In anticipation of starting the Phase II component of this study, we continue to add sites. The most recent additions are The Sidney Kimmel Comprehensive Cancer Center at Johns Hopkins in Baltimore, the Fred Hutchinson Cancer Research Center in Seattle, and US Oncology's Willamette Valley Cancer Institute in Eugene, Oregon. We have planned for a seamless transition into Phase II, and we'll include additional sites in the U.S. as well as expansion into Europe.

With the strong support from our investigators, enrollment for the 300-milligram cohort has progressed rapidly. We expect to have data from this cohort, including 3-month scans in time for ASH in December and look forward to presenting a full update then.

I'd like to remind everyone that we prefer to target major medical meetings for detailed clinical update.
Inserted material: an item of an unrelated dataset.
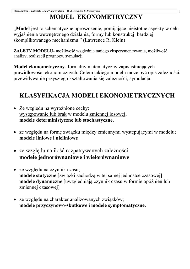 Ekonometria – materiały („folie”) do wykładu D.Miszczyńska, M.Miszczyński 1 MODEL EKONOMETRYCZNY „Model jest to schematyczne uproszczenie, pomijające nieistotne aspekty w celu wyjaśnienia wewnętrznego działania, formy lub konstrukcji bardziej skomplikowanego mechanizmu.” (Lawrence R. Klein) ZALETY MODELU- możliwość względnie taniego eksperymentowania, możliwość analizy, realizacji prognozy, symulacji. Model ekonometryczny- formalny matematyczny zapis istniejących prawidłowości ekonomicznych. Celem takiego modelu może być opis zależności, przewidywanie przyszłego kształtowania się zależności, symulacja. KLASYFIKACJA MODELI EKONOMETRYCZNYCH Ze względu na wyróżnione cechy: występowanie lub brak w modelu zmiennej losowej; modele deterministyczne lub stochastyczne. ze względu na formę związku między zmiennymi występującymi w modelu; modele liniowe i nieliniowe ze względu na ilość rozpatrywanych zależności modele jednorównaniowe i wielorównaniowe ze względu na czynnik czasu; modele statyczne [związki zachodzą w tej samej jednostce czasowej] i modele dynamiczne [uwzględniają czynnik czasu w formie opóźnień lub zmiennej czasowej] ze względu na charakter analizowanych związków; modele przyczynowo-skutkowe i modele symptomatyczne. Ekonometria – materiały („folie”) do wykładu D.Miszczyńska, M.Miszczyński 2 KLASYFIKACJA ZMIENNYCH I PARAMETRÓW WYSTĘPUJĄCYCH W EKONOMETRYCZNYCH MODELACH. Zmienne endogeniczne i egzogeniczne w modelu ekonometrycznym. Zmienne egzogeniczne (zmienne objaśniające w modelu, wśród nich zmienne sterujące będące przedmiotem polityki gospodarczej). Zmienne objaśniane i objaśniające (dot. danego równania ) Zmienne z góry ustalone (zm. egzogeniczne, zmienne endogeniczne z opóźnieniami i z wyprzedzeniami, zmienna czasowa-wyrażająca systematyczne zmiany w czasie zmiennej endogenicznej). Zmienne zerojedynkowe (dla określenia czynników niemierzalnych). Składnik losowy ( zmienna wyrażająca łączny efekt tych czynników, które nie zostały wyspecyfikowane w modelu, a także z błędów wynikających z przyjęcia niewłaściwej postaci funkcyjnej modelu, błędów pomiaru wartości zmiennych. Parametry struktury stochastycznej modelu (parametry rozkładu składnika losowego) Parametry strukturalne modelu (parametry występujące przy kolejnych zmiennych, określające kształtowanie zmiennej objaśnianej). Ekonometria – materiały („folie”) do wykładu D.Miszczyńska, M.Miszczyński 3 ETAPY ANALIZY EKONOMETRYCZNEJ SPECYFIKACJA ZMIENNYCH I DOBÓR POSTACI MODELU USTALENIE PRZEDMIOTU BADANIA, LISTA ZMIENNYCH OBJAŚNIAJĄCYCH I OBJAŚNIANYCH, POSTAĆ FUNKCYJNA MODELU. W OPARCIU O TEORIĘ EKONOMII, ZEBRANE DANE STATYSTYCZNE, KORELACJE. ZEBRANIE DANYCH STATYSTYCZNYCH ZEBRANIE DANYCH, UPORZĄDKOWANIE (SZEREGI CZASOWE, PRZEKROJOWE, PRZEKROJOWO-CZASOWE) I ANALIZA PRZYDATNOŚCI DANYCH. OKREŚLENIE MIERNIKA, PORÓWNYWALNOŚĆ DANYCH. ESTYMACJA PARAMETRÓW WYZNACZENIE OCEN PARAMETRÓW STRUKTURALNYCH ORAZ PARAMETRÓW STRUKTURY STOCHASTYCZNEJ MODELU. NARZĘDZIE - METODA NAJMNIEJSZYCH KWADRATÓW (MNK). WERYFIKACJA MODELU ANALIZA OTRZYMANYCH OCEN PARAMETRÓW STRUKTURALNYCH I STRUKTURY STOCHASTYCZNEJ MODELU. WERYFIKACJA MERYTORYCZNA I STATYSTYCZNA. PRAKTYCZNE WYKORZYSTANIE MODELU ANALIZA PRAWIDŁOWOŚCI ( HISTORYCZNA ). PROGNOZOWANIE Ekonometria – materiały („folie”) do wykładu D.Miszczyńska, M.Miszczyński ESTYMACJA PARAMETRÓW MODELU EKONOMETRYCZNEGO (ESTYMACJA PUNKTOWA) METODA NAJMNIEJSZYCH KWADRATÓW (MNK) Model yt 1 X t1 2 X t 2 k X tk t yt - empiryczna wartość zmiennej objaśnianej w okresie t X tj - empiryczna wartość zmiennej objaśniającej j w okresie t j - nieznany parametr stojący przy zmiennej X j t - zakłócenie w okresie t (składnik losowy) Zapis macierzowy modelu 1 x11 x12 x1k x 21 x 22 x 2k 2 1 y1 y 2 2 α ε X y k n x n1 . x n 2 x nk yn y Xα ε 4 Ekonometria – materiały („folie”) do wykładu D.Miszczyńska, M.Miszczyński Model po oszacowaniu parametrów strukturalnych yt a1 X t1 a2 X t 2 ak X tk et lub yˆt a1 X t1 a2 X t 2 ak X tk yt - empiryczna wartość zmiennej objaśnianej w okresie t ŷt - teoretyczna wartość zmiennej objaśnianej w okresie t X tj - empiryczna wartość zmiennej objaśniającej j w okresie t a j - oszacowany parametr stojący przy zmiennej X j et -realizacja zakłócenia w okresie t (reszta w okresie t) Zapis macierzowy oszacowanego modelu x11 x12 y1 yˆ1 x y yˆ x22 21 2 2 X y yˆ ˆ xn1. xn 2 yn yn a1 a a 2 a k e1 x1k e x2 k e 2 xnk e n y Xa e gdzie lub e y yˆ yˆ Xa 5 Ekonometria – materiały („folie”) do wykładu D.Miszczyńska, M.Miszczyński 6 Wzór MNK (Wyprowadzenie wzoru) Minimalizujemy sumę kwadratów reszt modelu: n t 1 2 et eT e y Xa y Xa T T T T T T y y 2a X y a X Xa min Znajdujemy wartość najmniejszą powyższej funkcji (pochodna po a przyrównana do 0) 2X y 2X Xa 0 T T T X X T X Xa X y T :2 1 lewostronnie Wzór MNK ma postać: 1 a X X X y T T Ekonometria – materiały („folie”) do wykładu D.Miszczyńska, M.Miszczyński WARUNKI STOSOWALNOŚCI MNK 7 1. Zmienna objaśniana y jest zmienną losową, 2. Zmienne objaśniające X nie są zmiennymi losowymi, 3. n>k , tzn. liczba obserwacji n powinna być większa od liczby szacowanych parametrów (zmiennych objaśniających) k 4. zmienne objaśniające nie mogą być współliniowe, tzn wektory obserwacji zmiennych objaśniających (kolumny macierzy X) powinny być liniowo niezależne. 5. składnik losowy musi spełniać następujące założenia: t : N(0, 2 ), E(t )=0, D2 (t )=2 oraz Cov (ij) =0, ij W zapisie macierzowym 4 powyższe założenia sprowadzają się do następującej postaci macierzy wariancji i kowariancji składnika losowego 2 0 2 0 E ( T ) 2 ... ... 0 0 ... 0 ... 0 ... ... 2 ... Przy w/w założeniach MNK daje estymatory: zgodne, nieobciążone i najefektywniejsze. Ekonometria – materiały („folie”) do wykładu D.Miszczyńska, M.Miszczyń

In summary, we are pleased with the progress we've made this year in study, execution and enrollment. The favorable safety profile of vecabrutinib so far is particularly noteworthy given that this reflects results of a multicenter trial with no drug-related serious adverse events experienced to date. With the safety pharmacokinetics and evidence of clinical activity presented thus far, we are looking forward to elaborating vecabrutinib's unique clinical profile as the selected BTK inhibitor as we complete the dose escalation and move into Phase II.

I will now turn the call over to Willie to review financial results.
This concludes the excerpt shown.